Subsequently, the refrigerant with the lubricant carried along leaves the shaft sealing chamber 40 via the radially extending return duct 56 in the front cover 14 and passes through the axial return duct 58 back to the suction chambers 16/4.

During each intake stroke of the pistons 26 in the cylinders 28, this recycled mixes Mixture of refrigerant and lubricant with the new filling of the suction chambers 16/4 and will again sucked into the cylinder 28 and thus again fed into the lubricant circuit.

In this way, in this lubrication system, a sufficient amount of lubricant is retained in the oil sump 20, so that sufficient splash lubrication is ensured by the movement of the drive parts, the rotor 22 and the swash plate 24 Oil sump held back. In the same way, some of the lubricant that has penetrated the lubrication slots 44 and 48 between the moving surfaces of the drive is directed back into the drive housing and the oil sump. However, a small amount of the lubricant remains in the outflowing refrigerant. This small amount of lubricant is sufficient for lubrication and can get back to the suction chambers 16Λ through the drive shaft 36, the shaft sealing chamber 40 and the return duct.

As the speed of the rotor 22 and its associated parts increases, the increase in the oil level in the oil sump 20 due to the escape of excess Lubricant from the oil sump 20 via the bypass channel 60 and the calibrated cross-sectional constriction 60Λ prevented. In this way, the The lubricant level in the oil sump is not above a level that guarantees the cool operation of the reciprocating compressor Increase in height.

The invention therefore makes a refrigerant col-

ben compressor created with a lubrication system, in which one in the refrigerant within a closed Circulation entrained lubricant is used, the amount of in the oil sump of the reciprocating compressor located lubricant is kept below a predetermined level and the amount of with the refrigerant circulating in the system is kept very low. The inventive Piston compressors therefore provide optimal lubrication and good cooling efficiency.

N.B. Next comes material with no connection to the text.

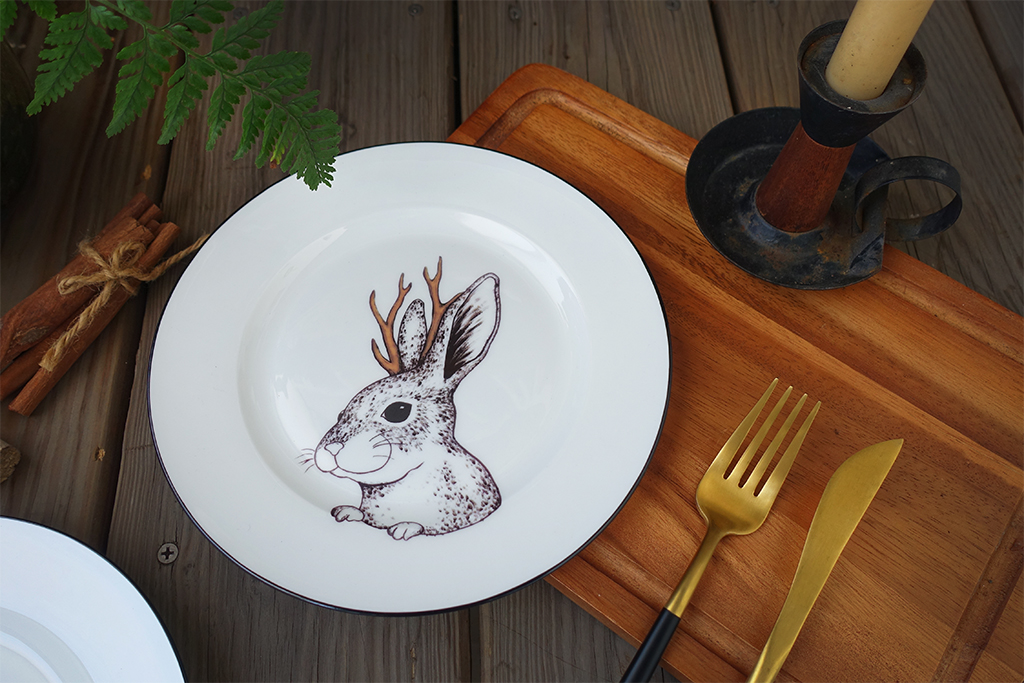Jacklope - 鹿角兔 經典黑邊骨瓷餐盤

For this purpose 2 sheets of drawings

Claims (2)

Patent claims: 1.Refrigerant piston compressor, in which oil mixed with the gaseous refrigerant flow is used in the flow circuit of the lubrication system, s with a swash plate drive enclosed in a housing, a cylinder block adjoining the housing in which at least one piston-cylinder unit is provided axially to the drive shaft, wherein the cylinders are in open communication with the housing interior, and with a cylinder head in which an intake chamber common to all cylinders and an exhaust chamber common to all cylinders are formed, which are each connected to the individual cylinders via valves, characterized in that the The flow circuit of the lubrication system has an oil sump (20) provided in the drive housing (12) which is in contact with the swash plate drive (22,24,36) so that the parts of the swash plate drive have lubrication gaps (44,48) on the mutually movable surfaces via a return channel (56, 58) with the Suction chamber (16 / 4J are connected, that a bypass channel (60) leading directly from the inside of the drive housing {12B) to the suction chamber {16A) is provided, and that the flow circuit of the lubrication system is created by blow-by lubrication of the piston (26) in the cylinder (28 ) closed is. 2. Piston refrigerant compressor according to claim 1, characterized in that the shunt channel (60) is calibrated by a cross-sectional constriction (6OA) and coordinated with the flow circuit in such a way that the lubricant level in the oil sump (20) is limited.